Ed Healey
- Healey in 1922 in the green-and-white of the Rock Island Independents

No. 13, 16, 1, 19
- Positions: Tackle, guard, end

Personal information
- Born: December 28, 1894 Indian Orchard, Springfield, Massachusetts, U.S.
- Died: December 9, 1978 (aged 83) South Bend, Indiana, U.S.
- Listed height: 6 ft 1 in (1.85 m)
- Listed weight: 207 lb (94 kg)

Career information
- High school: Springfield (MA) Classical
- College: Dartmouth

Career history
- Rock Island Independents (1920–1922); Chicago Bears (1923–1927);

Awards and highlights
- 5× First-team All-Pro (1922–1926); NFL 1920s All-Decade Team; 100 greatest Bears of All-Time;
- Stats at Pro Football Reference
- Pro Football Hall of Fame
- College Football Hall of Fame

= Ed Healey =

American football player (1894–1978)

Edward Francis Healey Jr. (December 28, 1894 – December 9, 1978) was an American professional football player in the National Football League (NFL). Regarded as one of the best linemen in the league's early days, Healey was inducted into the Pro Football Hall of Fame as part of its second induction class in 1964. He was also named in 1969 to the NFL 1920s All-Decade Team. In 1974, he was also inducted into the College Football Hall of Fame.

A native of Springfield, Massachusetts, Healey played college football at College of the Holy Cross in 1914 and at Dartmouth College in 1916, 1917, and 1919.

Healey played professional football as a tackle in the NFL for the Rock Island Independents from 1920 to 1922 and for the Chicago Bears from 1922 to 1927. He never played for a team with a losing record during his NFL career and, in 1922, became the first player in NFL history to be sold to another team. He was named as a first-team All Pro player by at least one selector for five consecutive years from 1922 to 1926.

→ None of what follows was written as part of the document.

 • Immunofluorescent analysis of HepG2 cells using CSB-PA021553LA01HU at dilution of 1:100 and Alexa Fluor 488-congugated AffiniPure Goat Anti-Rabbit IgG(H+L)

==Early life and college==
Healey was born in 1894 in Indian Orchard, a neighborhood at the northeast end of Springfield, Massachusetts. His parents, Edward F. Healey Sr. and Nora Healey were the children of Irish immigrants, both born in Massachusetts. His father worked in the street sprinkler business and later as a contractor in the wood business. Healey had four older sisters and one younger sister.

Healey attended Central High School in Springfield, Massachusetts. He then attended and played college football at the College of the Holy Cross in Worcester, Massachusetts, in 1914 and at Dartmouth College in Hanover, New Hampshire, for three years. In Healey's three years with the Dartmouth football program, the teams compiled records of 5–2–2 (1916), 5–3 (1917), and 6–1–1 (1919). Walter Camp reportedly called Healey "the best tackle I ever saw."

==Professional career==

===Rock Island Independents===
Healey began playing professional football with the Rock Island Independents in 1920, the inaugural season of the National Football League (known as the American Professional Football Association until 1922). He helped lead the 1920 Rock Island team to a 6–2–2 record, good for fourth place out of 14 teams.

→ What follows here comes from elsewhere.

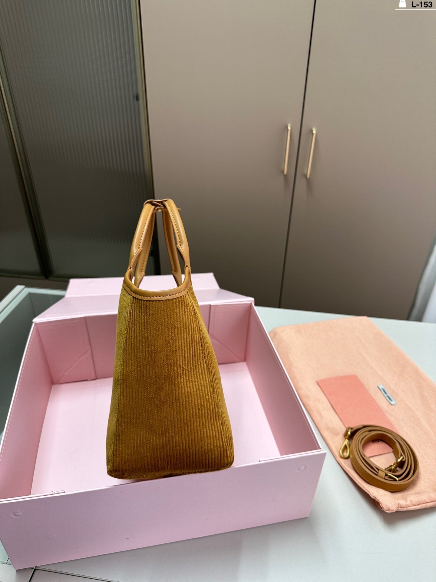 SMALL SHOPPING BAG 22 IN PEANUT BROWN CORDUROY

Healey remained with Rock Island during its 1921 season when the team compiled a 4–2–1 record and finished in fifth place out of 21 teams.

Healey began the 1922 NFL season with Rock Island. After the Islanders completed their seventh and final game of the 1922 season, a losing contest against the Chicago Bears, Independents team owner Walter Flanagan sold the contract of his star 28-year old tackle to the team that had just defeated them. Bears co-owner and starting right end George Halas later offered a colorful tale of how the deal was done.

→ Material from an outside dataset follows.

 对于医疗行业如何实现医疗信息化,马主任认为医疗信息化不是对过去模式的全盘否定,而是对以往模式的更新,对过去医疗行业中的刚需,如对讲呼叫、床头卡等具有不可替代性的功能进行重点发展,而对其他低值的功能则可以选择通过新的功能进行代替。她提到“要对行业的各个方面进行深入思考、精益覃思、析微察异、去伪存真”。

Halas indicated that he had been blocking against Healey and did "just a wee bit of holding" in order to spring star halfback and Bears co-owner Dutch Sternaman for a 7-yard gain. "Holding!" the tough guy Healey allegedly stormed, "You were holding me, Halas! Do that again and I'll knock your block off!" The same play was run again, with Halas using the same illegal technique to generate a similar result. "I was still on my hands and knees," Halas recounted, "when some sixth sense told me to duck.... It's a darned good thing I did, by golly, for Healy's fist whizzed past my nose so fast it buried itself up to the wrist in the ground." Halas stated that "right then I decided I would rather have Healey on my side than playing against me."

As Independents owner Flanagan already owed Halas $100, Halas instead took Healey's contract to settle the debt, he said. Healey would play the last 3 games of the 1922 season with the Bears and would remain with the team for an additional five years, earning induction into the Pro Football Hall of Fame in 1964. The transaction was the first instance of an NFL player's contract being sold from one team to another.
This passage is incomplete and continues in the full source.